• TASK INSTRUCTIONS:
In the records below, reproduce exactly the lines from the one containing "Channel your inner" through the one containing "특히 무증상, 경증이", both included, and omit the pictures.

• EXCERPTED RECORDS:
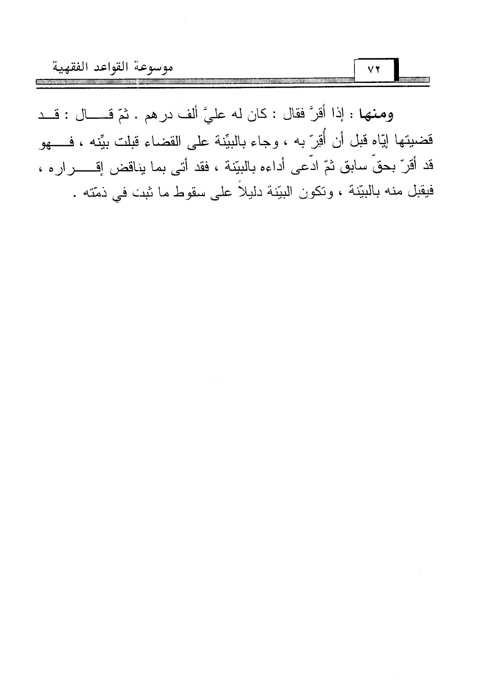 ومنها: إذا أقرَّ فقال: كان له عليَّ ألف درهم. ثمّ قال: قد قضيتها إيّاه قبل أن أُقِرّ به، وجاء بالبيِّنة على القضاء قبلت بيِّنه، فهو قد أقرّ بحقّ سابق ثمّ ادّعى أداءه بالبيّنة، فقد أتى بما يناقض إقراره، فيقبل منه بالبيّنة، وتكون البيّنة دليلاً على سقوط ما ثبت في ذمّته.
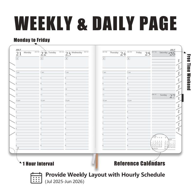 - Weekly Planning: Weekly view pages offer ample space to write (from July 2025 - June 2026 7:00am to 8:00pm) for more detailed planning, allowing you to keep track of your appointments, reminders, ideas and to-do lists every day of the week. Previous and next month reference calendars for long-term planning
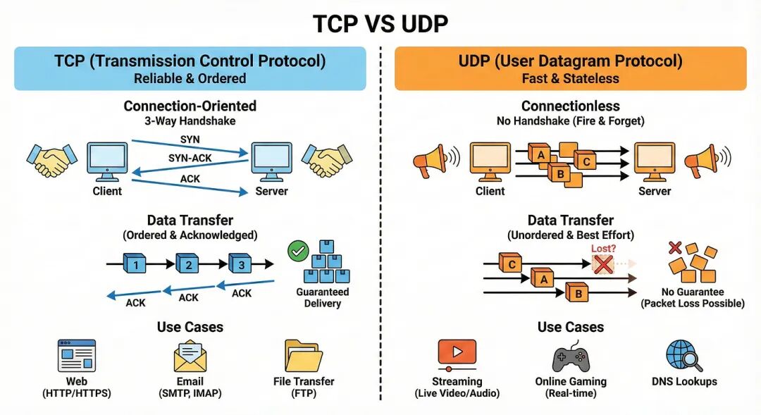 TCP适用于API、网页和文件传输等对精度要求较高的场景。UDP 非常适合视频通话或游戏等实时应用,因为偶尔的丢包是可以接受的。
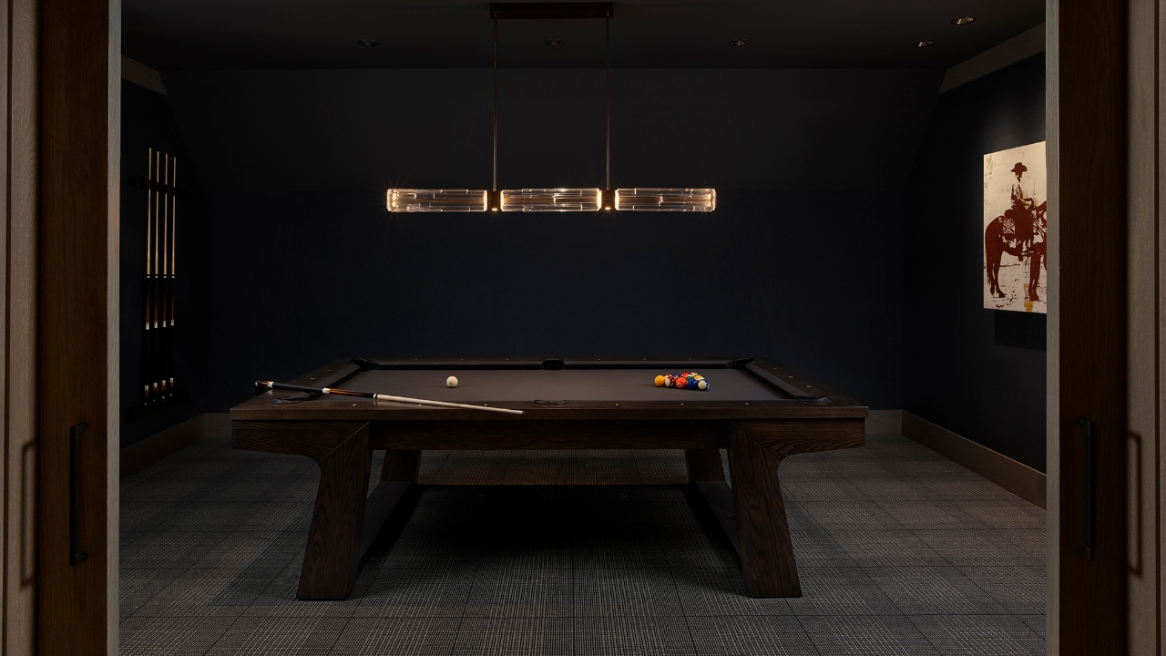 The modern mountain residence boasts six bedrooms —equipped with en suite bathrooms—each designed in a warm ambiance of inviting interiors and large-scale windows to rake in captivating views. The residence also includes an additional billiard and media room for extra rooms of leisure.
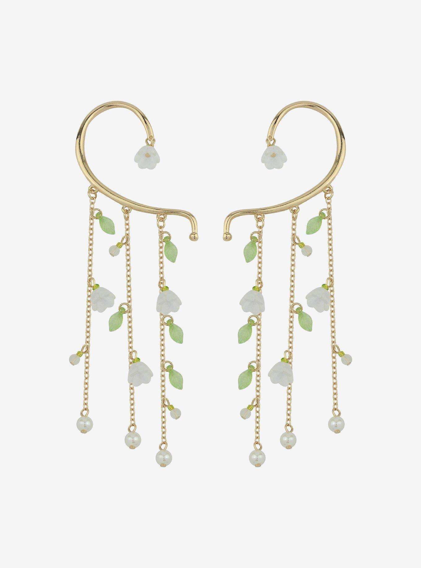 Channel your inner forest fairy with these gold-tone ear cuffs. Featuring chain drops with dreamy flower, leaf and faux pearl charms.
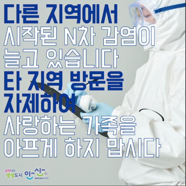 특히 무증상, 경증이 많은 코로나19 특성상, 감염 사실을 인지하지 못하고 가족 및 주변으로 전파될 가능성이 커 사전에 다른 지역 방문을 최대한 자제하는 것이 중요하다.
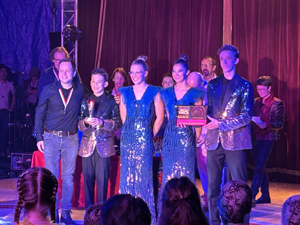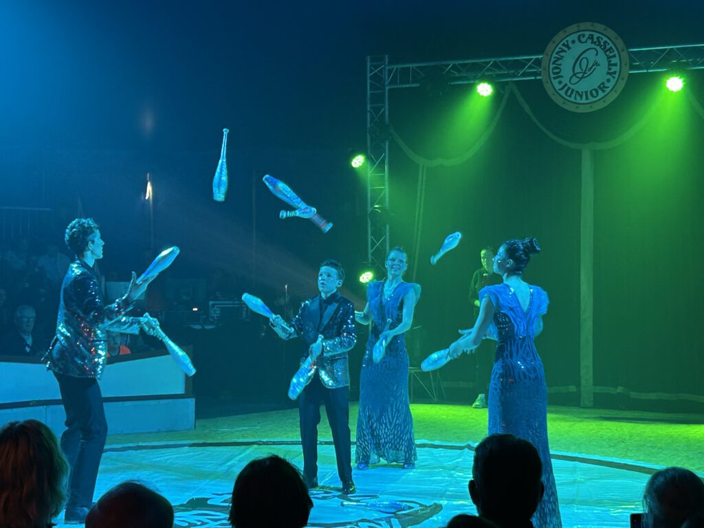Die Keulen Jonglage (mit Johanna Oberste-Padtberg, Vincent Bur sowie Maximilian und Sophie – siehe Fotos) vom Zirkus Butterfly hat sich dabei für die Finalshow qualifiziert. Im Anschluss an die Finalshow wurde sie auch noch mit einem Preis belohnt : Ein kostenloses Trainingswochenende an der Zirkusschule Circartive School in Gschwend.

• RESULT FOR THIS TASK:
 Channel your inner forest fairy with these gold-tone ear cuffs. Featuring chain drops with dreamy flower, leaf and faux pearl charms.
 특히 무증상, 경증이 많은 코로나19 특성상, 감염 사실을 인지하지 못하고 가족 및 주변으로 전파될 가능성이 커 사전에 다른 지역 방문을 최대한 자제하는 것이 중요하다.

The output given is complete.